C'est celui souhaité par les promoteurs du projet, les vingt-sept membres de la communauté
d'universités et d'établissements (la ComUE) de l'Université Bretagne Loire, il est pertinent d'un point
de vue scientifique et pour créer une université de rang mondial. L'Ouest est caractérisé par un
enseignement supérieur et une recherche dispersés dans le territoire : sept universités, beaucoup
d'écoles et un grand nombre de sites.
L'enjeu fort, c'est de se réunir pour être plus visible ?

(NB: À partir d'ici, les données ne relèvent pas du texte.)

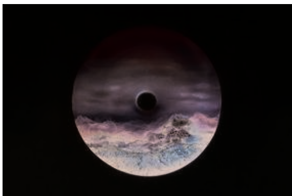
Jean Girel, Paysage Bourgogne , porcelaine, 2014. www.jeangirel.fr

Pas le choix, la concurrence est rude. Face à de gros pôles universitaires, comme Paris-Saclay, la
priorité est de faire émerger l'enseignement supérieur de l'Ouest pour qu'il pèse aux niveaux national,
européen et international. Il ne s'agit pas de faire la course à celui qui sera le plus gros, mais d'exister.
Pour un Chinois ou un Indien, on ne pèse pas de la même façon avec 180 000 étudiants et 13 000
chercheurs et personnels de recherche que lorsqu'on en a deux fois moins. Notre ambition, c'est que
l'UBL soit une université de rang mondial.

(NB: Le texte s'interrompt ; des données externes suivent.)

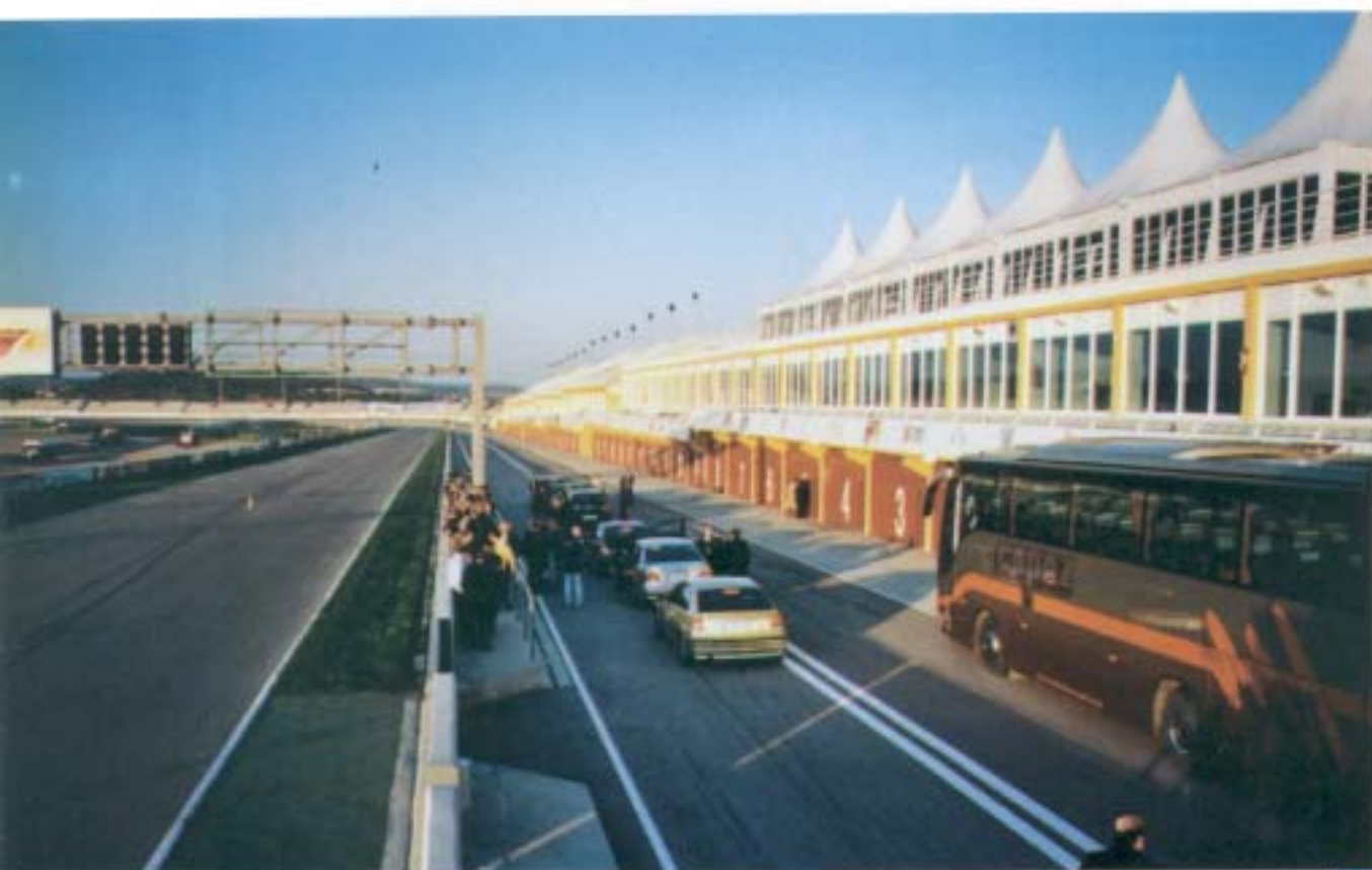
Momentos previos al inicio del recorrido por el circuito. Los coches especiales preparados en boxes, junto a la recta de tribuna.

Il y a aussi des enjeux plus locaux pour les territoires
Bien sûr, l'UBL veut être un acteur majeur de l'innovation, du développement économique de nos
régions. L'Ouest a des faiblesses en nombre d'emplois de recherche et d'innovation. Mais pour attirer
les entreprises et les gros sièges internationaux, il faut disposer de labos reconnus. Nos actions sont là
pour booster des territoires aux atouts souvent complémentaires en s'appuyant sur deux moteurs, les
métropoles de Rennes et Nantes, pour entraîner l'ensemble des autres agglomérations.
Pour les étudiants, qu'est-ce qui va changer ?
Dans un premier temps, pas grand-chose. Chaque établissement a sa politique pour ce qui touche la
vie étudiante. Mais les ComUE ont des compétences de coordination. Tout ça demande à être
organisé. Il est souhaitable pour tous de rendre cohérent ce qui se passe dans les établissements et de
dynamiser la vie étudiante.
Ça modifie la donne pour l'offre de formation ?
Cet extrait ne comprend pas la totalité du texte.